Mind-bending new programming language for GPUs just dropped...
Based on Fireship's video on YouTube. If you like this content, support the original creators by watching, liking and subscribing to their content.
Bend’s core promise is automatic parallel execution for code that can be parallelized, without requiring manual CUDA or concurrency primitives.
Briefing
A new GPU-focused programming language called Bend is pitching a simple promise: write high-level, Python-like code and get parallel execution “for free,” without manually managing CUDA, blocks, locks, mutexes, or other low-level concurrency details. The pitch matters because parallel computing can turn week-long workloads into shorter runs by spreading work across many CPU cores—or even thousands of GPU cores—but doing that correctly is notoriously hard. Bend’s central claim is that it can automatically run anything that can be parallelized in parallel, avoiding the fragile, error-prone choreography that typically comes with multithreading and GPU programming.
Under the hood, Bend’s approach centers on representing computations as a graph of “interaction combinators,” a structure that organizes the steps of a program into nodes and rewrite rules. When nodes interact, the runtime repeatedly rewrites the computation according to those rules, enabling parts of the work to proceed simultaneously. Once the graph has been fully reduced, results are merged back into the expression returned from the function. This model traces back to interaction combinators research from the 1990s, but Bend wraps it in a higher-level language so developers don’t have to work directly with the underlying runtime.
Bend interfaces with a runtime called the Higher Order Virtual Machine (HVM). The language itself is implemented in Rust and uses syntax described as similar to Python, including a straightforward “Hello World” style example with a main function returning a string. Running code can be done via a command like `bend run`, which—at least by default—uses a Rust interpreter and executes sequentially, like a conventional language.
The performance story shifts when the same algorithm is executed with different backends. Bend reportedly removes the need for explicit loops: instead of a `for` loop, it uses a `fold`, described as a data-type “search and replace” that can consume recursive structures such as lists or trees in parallel. A complementary `bend` keyword is used to construct the recursive data type that `fold` will consume.
In a benchmark-style demonstration, an algorithm that counts and sums values takes more than 10 minutes when run on a single thread. Running the identical code with `bend run-cpu` reportedly uses all 24 CPU threads and drops runtime to about 30 seconds. The same code then reportedly accelerates further on an Nvidia RTX 490 using `bend run-cuda`, reaching roughly 1.5 seconds—without modifying the algorithm.

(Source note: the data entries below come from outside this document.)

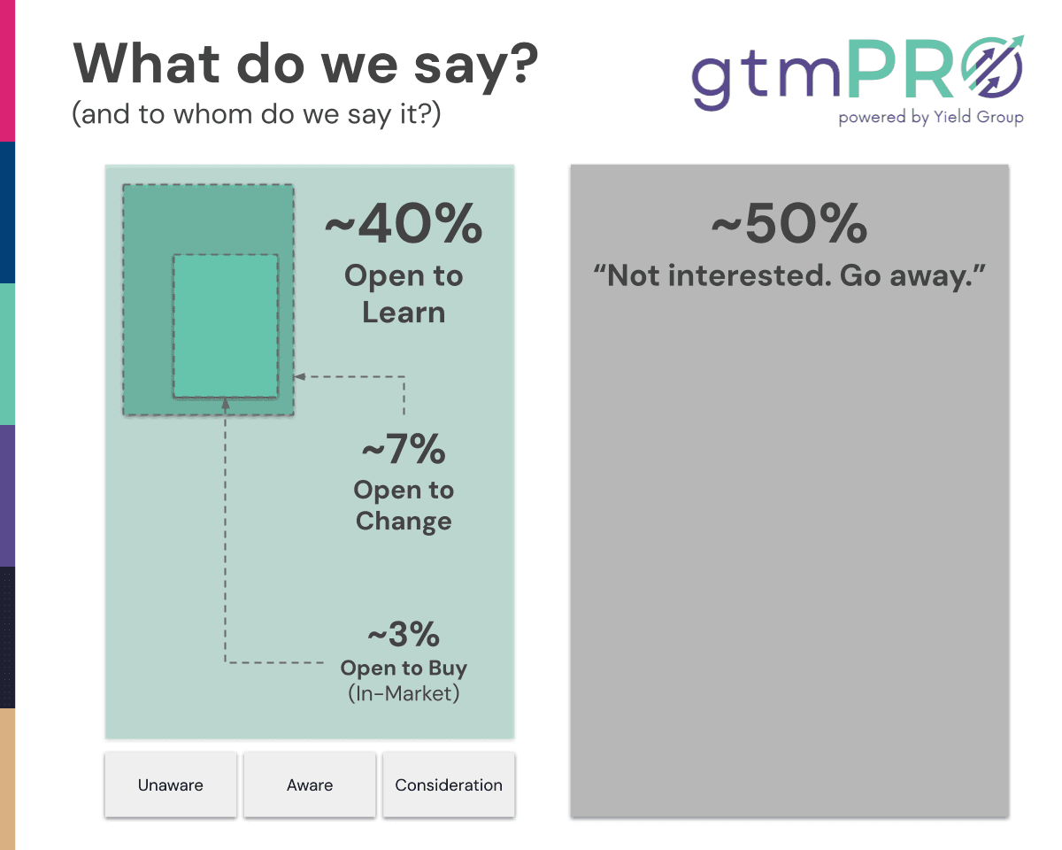 Instead of pushing "Open to Buy" (in-market) content to everyone, we instead build authentic, credible learning-based content to a much bigger segment.
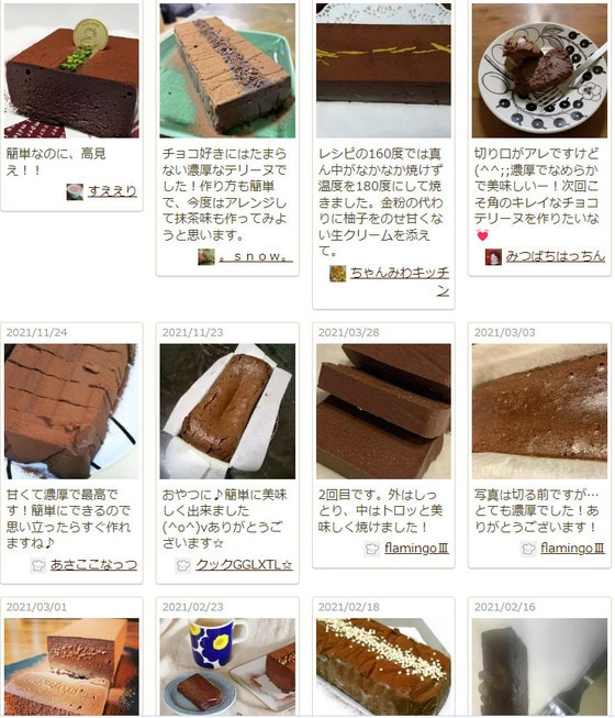 つくれぽ(作りましたフォトレポートのこと)にも、「真ん中がトロっとして最高でした」「濃厚でしっとりした大人の味わいに感動」「簡単なのにおしゃれ」など、実際に作った人たちも大絶賛!
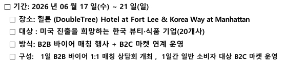 | ‒ | 2026년 월드컵 Korean Festival 바이어 매칭 및 B2C 마켓 행사 참가 기업 모집 안내 |
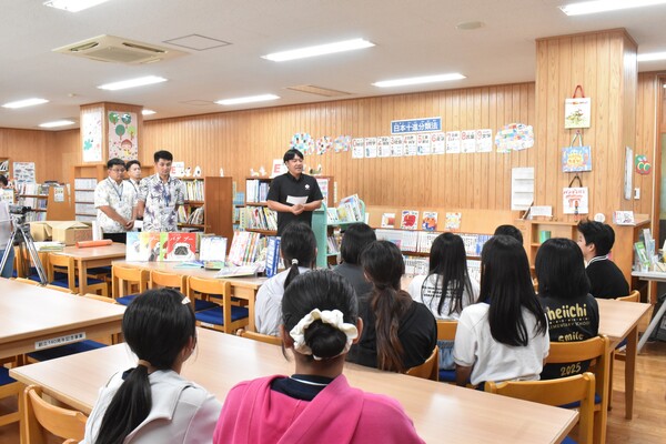 たくさんの本を贈呈され
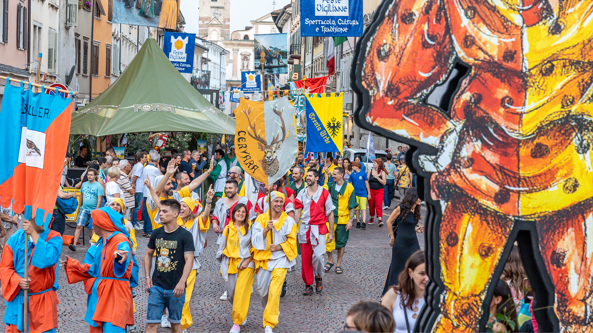 La sfilata dei figuranti in sfarzosi abiti realizzati in broccato e velluto ripercorre la storia del Trentino e delle sue Valli. Parte dal Castello del Buonconsiglio, sede per più di 500 anni del governo principesco, e raggiunge Piazza Duomo attraversando le principali vie del centro storico sotto gli occhi estasiati degli spettatori, che per una serata, come in una macchina del tempo, vengono riportati indietro nei secoli. Dame e cavalieri, supportati da un popolo di cortigiani e contadini ci riportano nell’immaginario di un’epoca rinascimentale, testimonianza fedele di vita ai tempi del principe Bernardo Clesio.
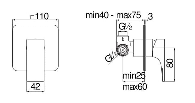 Ingresso acqua calda e acqua fredda ø 1/2”
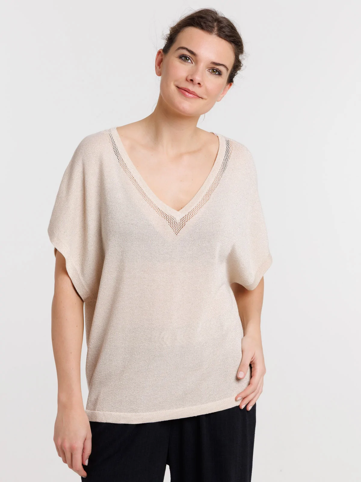 Pull femme col V brillant

The takeaway is less about a new programming trick and more about a workflow shift: parallelism is treated as a default execution property rather than a manual engineering task.
Cornell Notes
Bend is a Python-like programming language aimed at parallel execution on CPUs and GPUs without requiring developers to write low-level concurrency or CUDA code. It represents programs as graphs of “interaction combinators,” then repeatedly rewrites those graphs using rules that enable parallel progress. The runtime behind it is the Higher Order Virtual Machine (HVM), while Bend provides a higher-level interface implemented in Rust. Bend also avoids traditional loops by using `fold` over recursive data types, which can be consumed in parallel. In a performance demo, the same counting-and-summing algorithm runs far faster when executed with CPU and CUDA backends, dropping from 10+ minutes (single thread) to ~30 seconds (24 CPU threads) and then to ~1.5 seconds on an Nvidia RTX 490.
What problem Bend is trying to solve, and why parallelism is hard in practice?
How does Bend’s execution model work at a high level?
What role does the Higher Order Virtual Machine (HVM) play?
Why does Bend avoid traditional loops, and what replaces them?
What does the performance demonstration claim across CPU and GPU backends?
Review Questions
- How does representing a computation as an interaction-combinator graph enable parallel execution compared with a single-threaded execution model?
- What is the relationship between `fold` and recursive data types in Bend, and how does that replace traditional looping?
- Why might a developer prefer Bend’s approach over writing CUDA or explicit multithreaded code for GPU acceleration?
Key Points
- 1
Bend’s core promise is automatic parallel execution for code that can be parallelized, without requiring manual CUDA or concurrency primitives.
- 2
Computations are modeled as graphs of interaction combinators, and execution proceeds through rewrite rules that allow parallel progress.
- 3
The Higher Order Virtual Machine (HVM) is the underlying runtime, while Bend provides a Python-like interface implemented in Rust.
- 4
Bend avoids traditional loops by using `fold` to consume recursive data types (like lists or trees) in a parallel-friendly way.
- 5
A single algorithm can be run sequentially, on CPU threads, or on a CUDA GPU backend using different `bend run-*` commands without rewriting the algorithm.
- 6
A benchmark-style example reports large speedups: 10+ minutes (single thread) to ~30 seconds (24 CPU threads) to ~1.5 seconds on an Nvidia RTX 490 (CUDA).